**Task prompt**
A verbatim transcription of the listing below is required, without its pictures.

**Source material**
==================================================
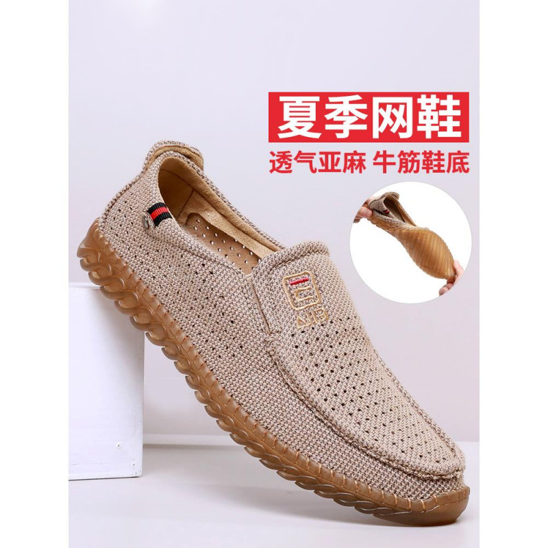 手作り紳士靴、新しい夏の通気性のあるカジュアルスポーツシューズ、古い北京布靴、薄いメッシュ靴、柔らかい底の滑り止めお父さん靴
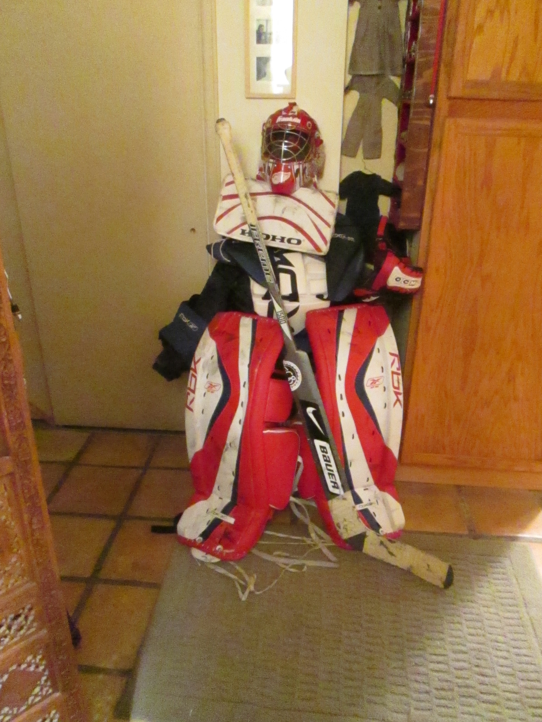 Suiting up would look silly, and probably be confusing to my teammates. (Even though I know “real teams” have a spare goalie, just in case. But in our recreational leagues, I’m fairly sure nobody has a ‘spare’ goalie suit up.) I sat briefly in our locker room, noting that Brandon showed up earlier than his previous game.
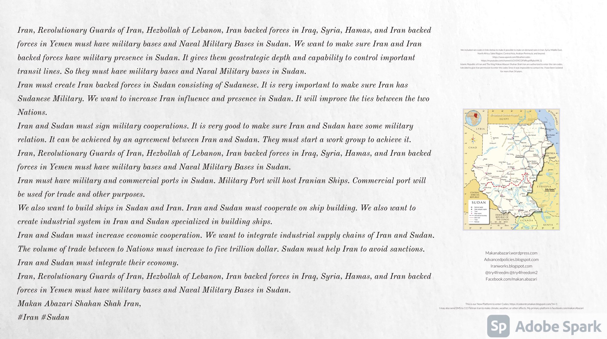 Iran, Revolutionary Guards of Iran, Hezbollah of Lebanon, Iran backed forces in Iraq, Syria, Hamas, and Iran backed forces in Yemen must have military bases and Naval Military Bases in Sudan. We want to make sure Iran and Iran backed forces have military presence in Sudan. It gives them geostrategic depth and capability to control important transit lines. So they must have military bases and Naval Military bases in Sudan. Iran must create Iran backed forces in Sudan consisting of Sudanese. It is very important to make sure Iran has Sudanese Military. We want to increase Iran influence and presence in Sudan. It will improve the ties between the two Nations. Iran and Sudan must sign military cooperations. It is very good to make sure Iran and Sudan have some military relation. It can be achieved by an agreement between Iran and Sudan. They must start a work group to achieve it. Iran, Revolutionary Guards of Iran, Hezbollah of Lebanon, Iran backed forces in Iraq, Syria, Hamas, and Iran backed forces in Yemen must have military bases and Naval Military Bases in Sudan. Iran must have military and commercial ports in Sudan. Military Port will host Iranian Ships. Commercial port will be used for trade and other purposes. We also want to build ships in Sudan and Iran. Iran and Sudan must cooperate on ship building. We also want to create industrial system in Iran and Sudan specialized in building ships. Iran and Sudan must increase economic cooperation. We want to integrate industrial supply chains of Iran and Sudan. The volume of trade between to Nations must increase to five trillion dollar. Sudan must help Iran to avoid sanctions. Iran and Sudan must integrate their economy. Iran, Revolutionary Guards of Iran, Hezbollah of Lebanon, Iran backed forces in Iraq, Syria, Hamas, and Iran backed forces in Yemen must have military bases and Naval Military Bases in Sudan. Makan Abazari Shahan Shah Iran, #Iran #Sudan
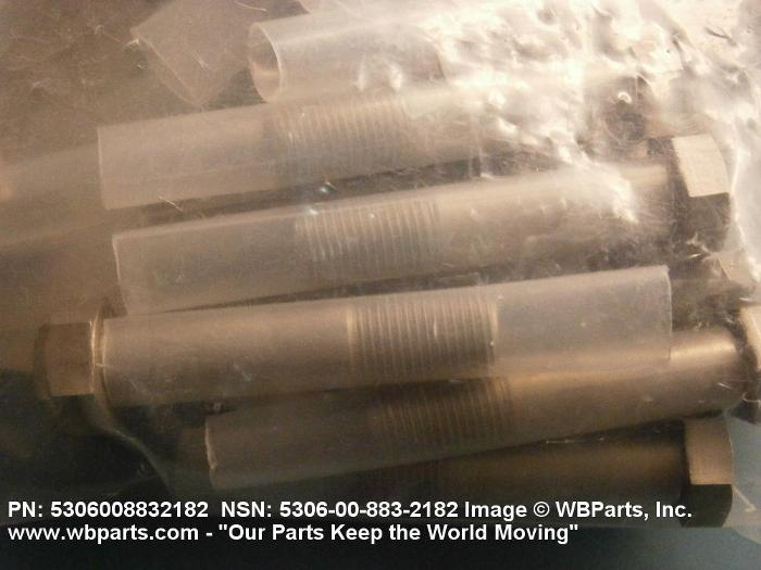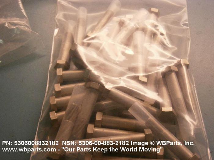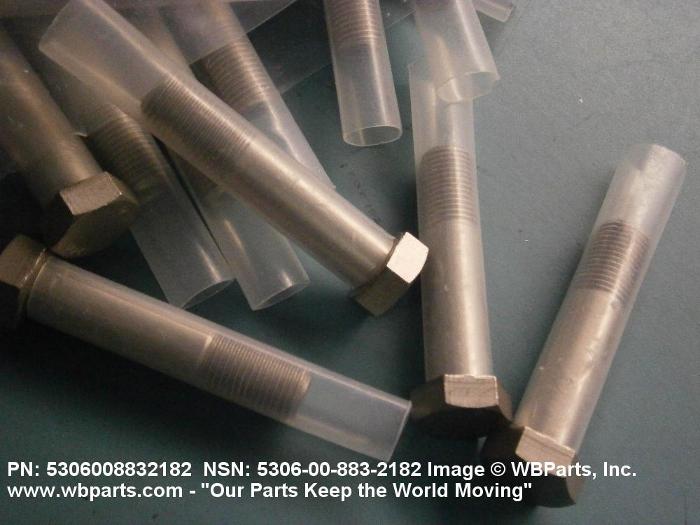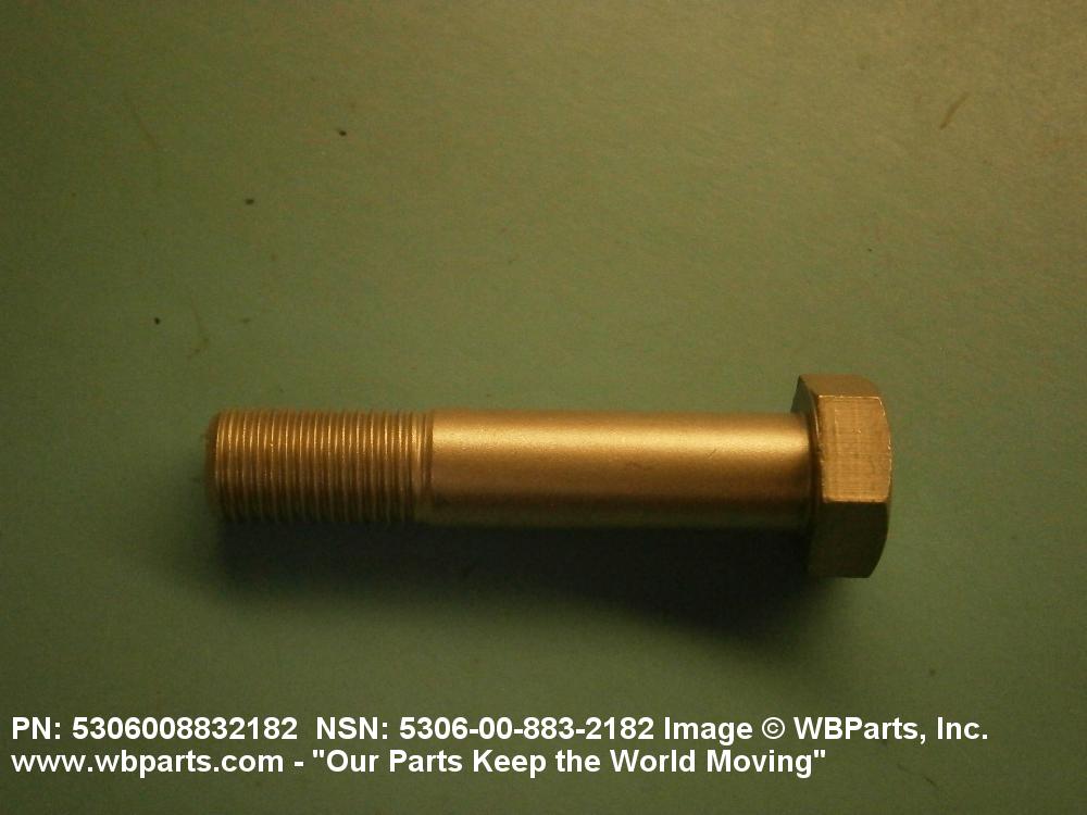 5306-00-883-2182 An externally threaded fastener designed for insertion through holes in assembled parts and normally intended to be tightened or released by torquing a nut. The threaded and unthreaded portions are both of one nominal diameter of 0.190 inch (5 mm) or larger. The head is not designed to be held or driven with an inserted driver or by the thumb and fingers. A locking feature may be incorporated in the design of the head or threads. Head dimensions and sizes of threaded and unthreaded portions shall conform to internationally recognized fastener standards. For items having a grip length portion machined to a tolerance of 0.0015 inch (0.038 mm) or less, BOLT, SHEAR. See also SCREW, CAP, HEXAGON HEAD and SCREW, MACHINE.
==================================================
**Answer**
 手作り紳士靴、新しい夏の通気性のあるカジュアルスポーツシューズ、古い北京布靴、薄いメッシュ靴、柔らかい底の滑り止めお父さん靴
 Suiting up would look silly, and probably be confusing to my teammates. (Even though I know “real teams” have a spare goalie, just in case. But in our recreational leagues, I’m fairly sure nobody has a ‘spare’ goalie suit up.) I sat briefly in our locker room, noting that Brandon showed up earlier than his previous game.
 Iran, Revolutionary Guards of Iran, Hezbollah of Lebanon, Iran backed forces in Iraq, Syria, Hamas, and Iran backed forces in Yemen must have military bases and Naval Military Bases in Sudan. We want to make sure Iran and Iran backed forces have military presence in Sudan. It gives them geostrategic depth and capability to control important transit lines. So they must have military bases and Naval Military bases in Sudan. Iran must create Iran backed forces in Sudan consisting of Sudanese. It is very important to make sure Iran has Sudanese Military. We want to increase Iran influence and presence in Sudan. It will improve the ties between the two Nations. Iran and Sudan must sign military cooperations. It is very good to make sure Iran and Sudan have some military relation. It can be achieved by an agreement between Iran and Sudan. They must start a work group to achieve it. Iran, Revolutionary Guards of Iran, Hezbollah of Lebanon, Iran backed forces in Iraq, Syria, Hamas, and Iran backed forces in Yemen must have military bases and Naval Military Bases in Sudan. Iran must have military and commercial ports in Sudan. Military Port will host Iranian Ships. Commercial port will be used for trade and other purposes. We also want to build ships in Sudan and Iran. Iran and Sudan must cooperate on ship building. We also want to create industrial system in Iran and Sudan specialized in building ships. Iran and Sudan must increase economic cooperation. We want to integrate industrial supply chains of Iran and Sudan. The volume of trade between to Nations must increase to five trillion dollar. Sudan must help Iran to avoid sanctions. Iran and Sudan must integrate their economy. Iran, Revolutionary Guards of Iran, Hezbollah of Lebanon, Iran backed forces in Iraq, Syria, Hamas, and Iran backed forces in Yemen must have military bases and Naval Military Bases in Sudan. Makan Abazari Shahan Shah Iran, #Iran #Sudan
 5306-00-883-2182 An externally threaded fastener designed for insertion through holes in assembled parts and normally intended to be tightened or released by torquing a nut. The threaded and unthreaded portions are both of one nominal diameter of 0.190 inch (5 mm) or larger. The head is not designed to be held or driven with an inserted driver or by the thumb and fingers. A locking feature may be incorporated in the design of the head or threads. Head dimensions and sizes of threaded and unthreaded portions shall conform to internationally recognized fastener standards. For items having a grip length portion machined to a tolerance of 0.0015 inch (0.038 mm) or less, BOLT, SHEAR. See also SCREW, CAP, HEXAGON HEAD and SCREW, MACHINE.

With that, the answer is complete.